The input signal is assumed to be Gaussian distributed and to have 1.56 effective number of bits per sample. Both joint coding and separate coding systems are compared using Samsung 28 nm technology. Specifically, the PCM array is an ‘8KB’ PCM array, with 256 rows x 256 columns, simulated using NVSIM. C++ code for this simulation is available at https://github.com/SEAL-UCSB/NVSim. In the separate coding system, the input is first converted by a 2-bit ADC into digital values (though in a more realistic scenario even higher precision ADC would likely be required). The digital values are then encoded by an LDPC encoder. The encoded signals are then written into the PCM array. In the separate coding scheme, each PCM cell can store 2 bits, and one write pulse is adequate to program the PCM cell into one of four states. Therefore, with a code-rate 0.5, each input sample is encoded into 4 bits (two for the signal and two for the required error correction) written over two PCM devices. When retrieving stored information, it is decoded by an LDPC decoder (energy efficiency statistics can be found in Table 2.3 of45) and finally converted back into analog form using a 2-bit DAC. This LDPC decoding step typically requires at least 10 iterations to converge. With such an implementation, the energy efficiency is ~128 pJ/sample. The most energy-consuming stage is PCM write (70pJ/sample) – necessitated by the redundant devices required for digital error correction – followed by LDPC decoding (44pJ/sample).

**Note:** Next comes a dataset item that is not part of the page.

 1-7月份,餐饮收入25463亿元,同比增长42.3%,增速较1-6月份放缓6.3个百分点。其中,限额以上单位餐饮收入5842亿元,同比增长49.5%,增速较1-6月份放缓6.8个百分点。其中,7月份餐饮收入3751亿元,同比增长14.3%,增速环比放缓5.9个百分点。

In the joint coding implementation, the input analog signal is first converted by an ADC into digital values. The values then pass through the encoding to determine the voltage to be applied to the PCM. As in the separate case, under the joint coding scheme each PCM cell can store 2 bits. However, in this case, as error correction is built in to the encoding and decoding functions, we do not require redundant, error-correcting bits. Therefore, one device is adequate to store one input sample (i.e. code rate = 1). The PCM is then read by an ADC of the same precision as the input ADC. The resulting values are transformed by the decoding function and finally converted back to an estimate of the analog signal by a DAC. Under such scheme, the energy efficiency is highly dependent on the required bit-precision of ADC/DACs. We used the ADC/DAC survey from60 and found that the energy per conversion (at 28 nm) scales roughly exponentially with the effective number of bits (Fig. M1). Therefore, the joint coding implementation offers more benefit when the required ADC/DAC precision is low (Fig. M2).

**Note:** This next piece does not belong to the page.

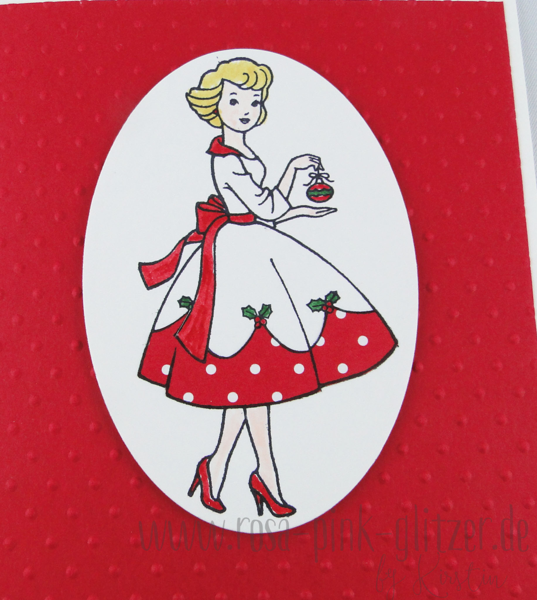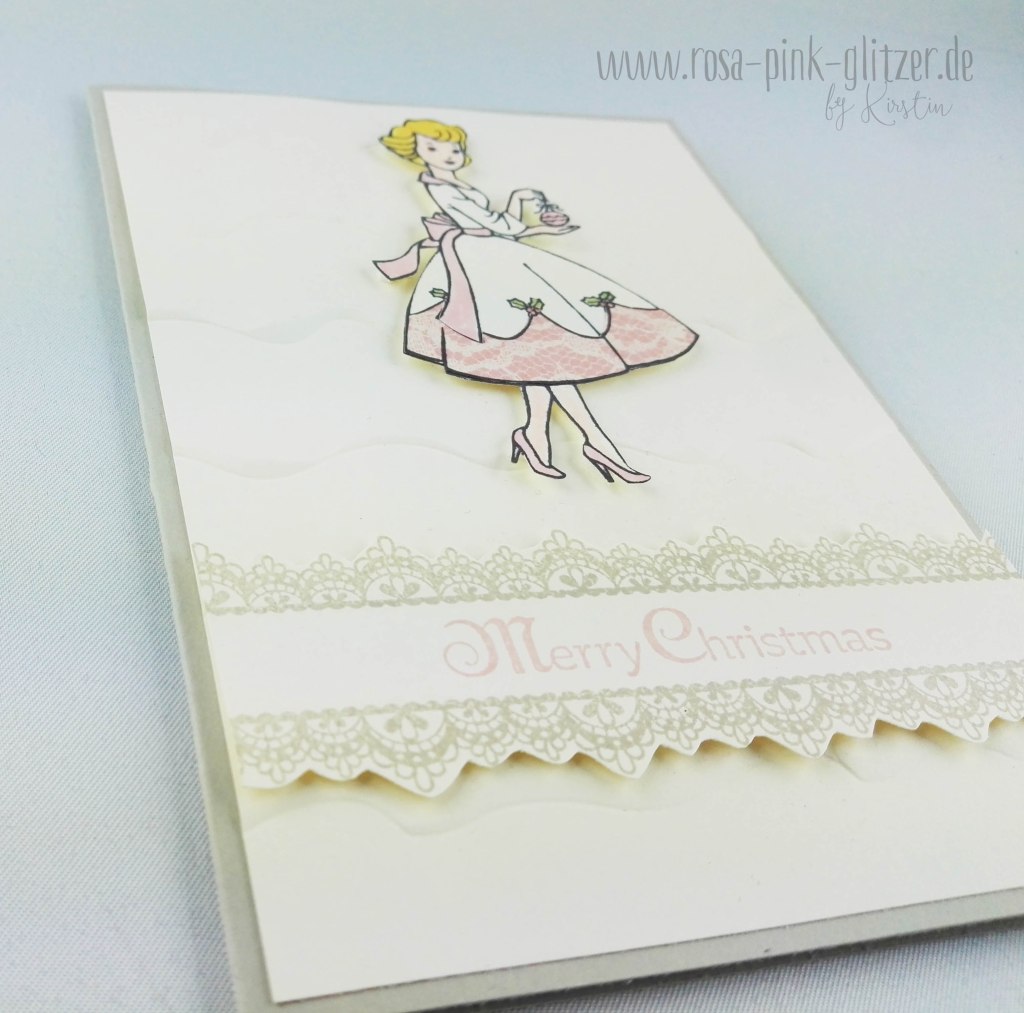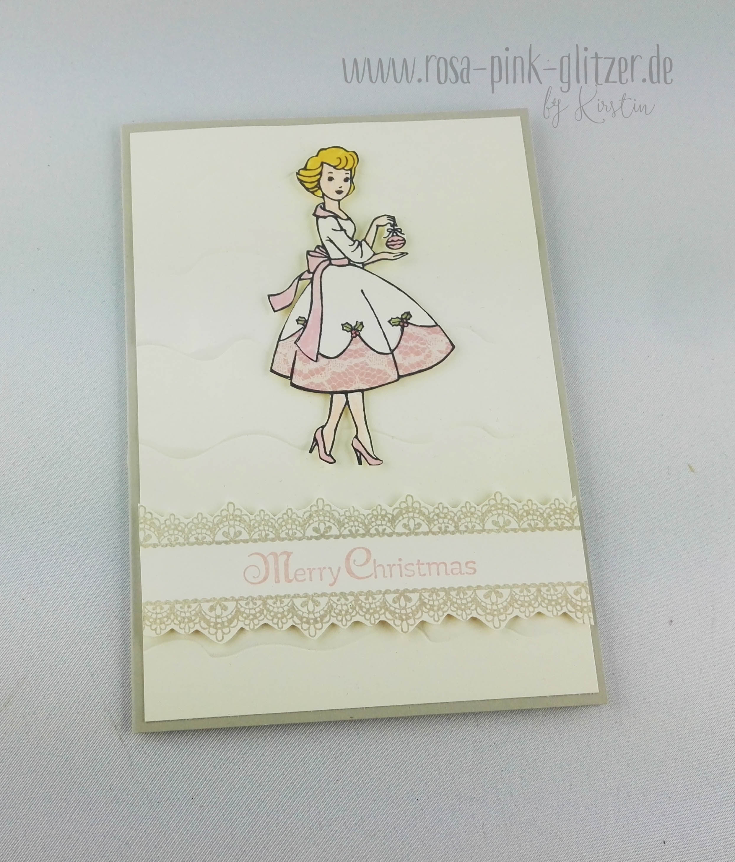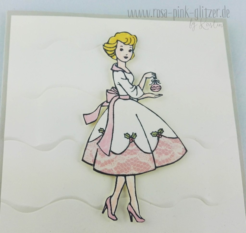 Der wunderhübsche Dame mit der Christbaumkugel hab ich ein Kleidchen mit rosa Spitze verpasst, sie ausgeschnitten und mit Dimensionals auf geprägten Cardstock geklebt.

As the input signal has only 1.56 bits per/sample, a 4-bit ADC/DAC suffices for the joint coding scheme. If the input samples contained more information, a higher precision ADC/DAC would be required, eventually reaching the point where the separate scheme outperformed the joint. This is an experimental demonstration of the principle laid out by Rahul Sarpeshkar in61, namely that analog computation is efficient at low-precision, while digital becomes efficient at high-precision. Thus, analog representations are best in this case when the required precision is low to moderate (precisely the kinds of scenarios where the majority of the analog data being produced is used – e.g. human or statistical machine inference).

On a final note, as we are trying to make a comparison between analog and digital strategies, implementing the analog version using ADC/DAC might seem inappropriate. However, this can actually be seen as a sort of easily implementable “intermediate” between fully analog and fully digital, as this scheme is using the analog coding strategy – namely, the functions learned for encoding/decoding – but digitizing it for easy implementation with existing technology. That being said, a faithful analog implementation would perform even better than what we have presented here as it would remove the need for ADC/DAC. Specifically, this analysis could have been done by building custom op-amps to truly implement the analog functions. But this would have required extensive work (likely necessitating an additional paper for characterization and construction details) as comparatively less time has been spent on optimizing analog electronics due to the ubiquity of digital hardware.